**Extracted data:**
----------------------------------------

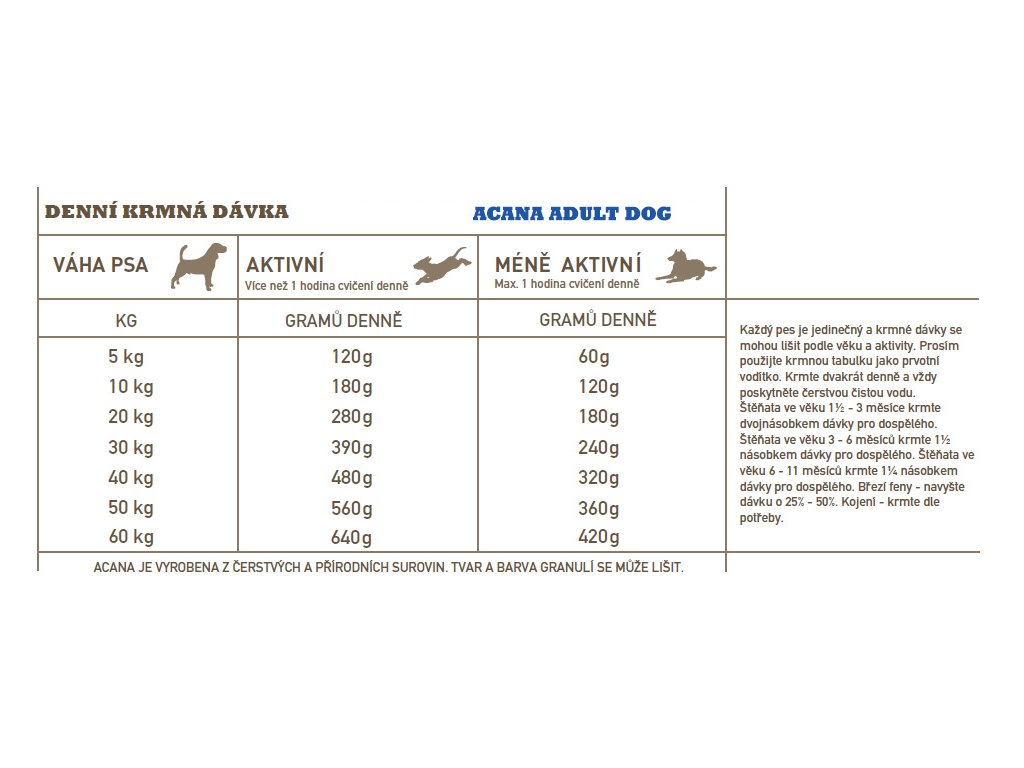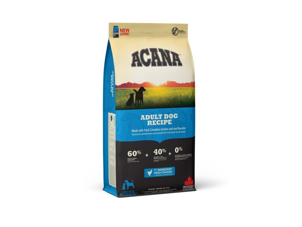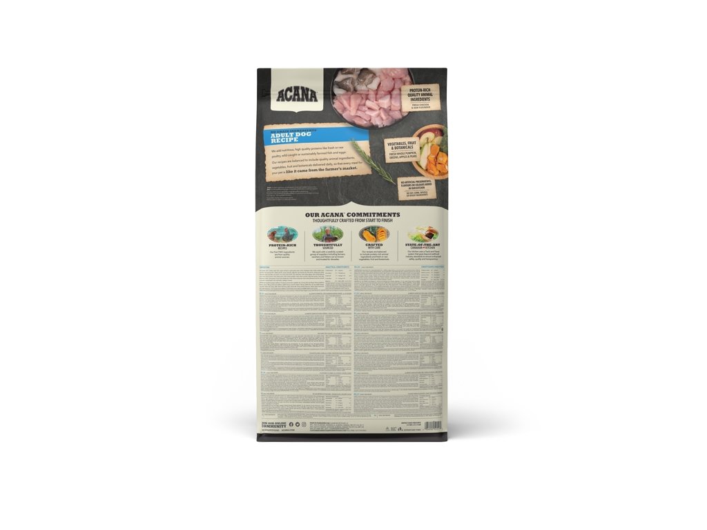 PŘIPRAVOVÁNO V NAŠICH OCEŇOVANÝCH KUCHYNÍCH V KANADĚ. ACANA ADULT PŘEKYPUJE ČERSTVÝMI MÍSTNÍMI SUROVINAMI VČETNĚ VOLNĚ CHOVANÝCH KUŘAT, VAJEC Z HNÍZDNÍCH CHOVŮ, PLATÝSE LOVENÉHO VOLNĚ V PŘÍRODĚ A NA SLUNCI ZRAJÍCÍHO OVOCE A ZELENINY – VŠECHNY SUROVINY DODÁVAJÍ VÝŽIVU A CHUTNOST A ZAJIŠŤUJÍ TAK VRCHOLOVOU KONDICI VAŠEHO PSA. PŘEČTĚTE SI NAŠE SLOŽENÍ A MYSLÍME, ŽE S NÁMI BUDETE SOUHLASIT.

----------------------------------------

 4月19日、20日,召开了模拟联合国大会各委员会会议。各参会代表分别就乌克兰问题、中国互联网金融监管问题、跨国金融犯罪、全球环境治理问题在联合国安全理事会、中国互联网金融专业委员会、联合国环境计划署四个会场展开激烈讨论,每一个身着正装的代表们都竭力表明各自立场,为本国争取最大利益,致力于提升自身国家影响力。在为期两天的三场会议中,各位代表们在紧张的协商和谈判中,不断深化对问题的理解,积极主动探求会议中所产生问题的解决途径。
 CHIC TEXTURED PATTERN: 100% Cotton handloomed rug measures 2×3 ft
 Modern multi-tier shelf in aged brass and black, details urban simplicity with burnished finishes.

----------------------------------------

**Brief:**
Reproduce only the lines above, starting at the line with "4月19日、20日,召开了模" and ending at the line with "Modern multi-tier shelf", exactly as written.

**Task result:**
 4月19日、20日,召开了模拟联合国大会各委员会会议。各参会代表分别就乌克兰问题、中国互联网金融监管问题、跨国金融犯罪、全球环境治理问题在联合国安全理事会、中国互联网金融专业委员会、联合国环境计划署四个会场展开激烈讨论,每一个身着正装的代表们都竭力表明各自立场,为本国争取最大利益,致力于提升自身国家影响力。在为期两天的三场会议中,各位代表们在紧张的协商和谈判中,不断深化对问题的理解,积极主动探求会议中所产生问题的解决途径。
 CHIC TEXTURED PATTERN: 100% Cotton handloomed rug measures 2×3 ft
 Modern multi-tier shelf in aged brass and black, details urban simplicity with burnished finishes.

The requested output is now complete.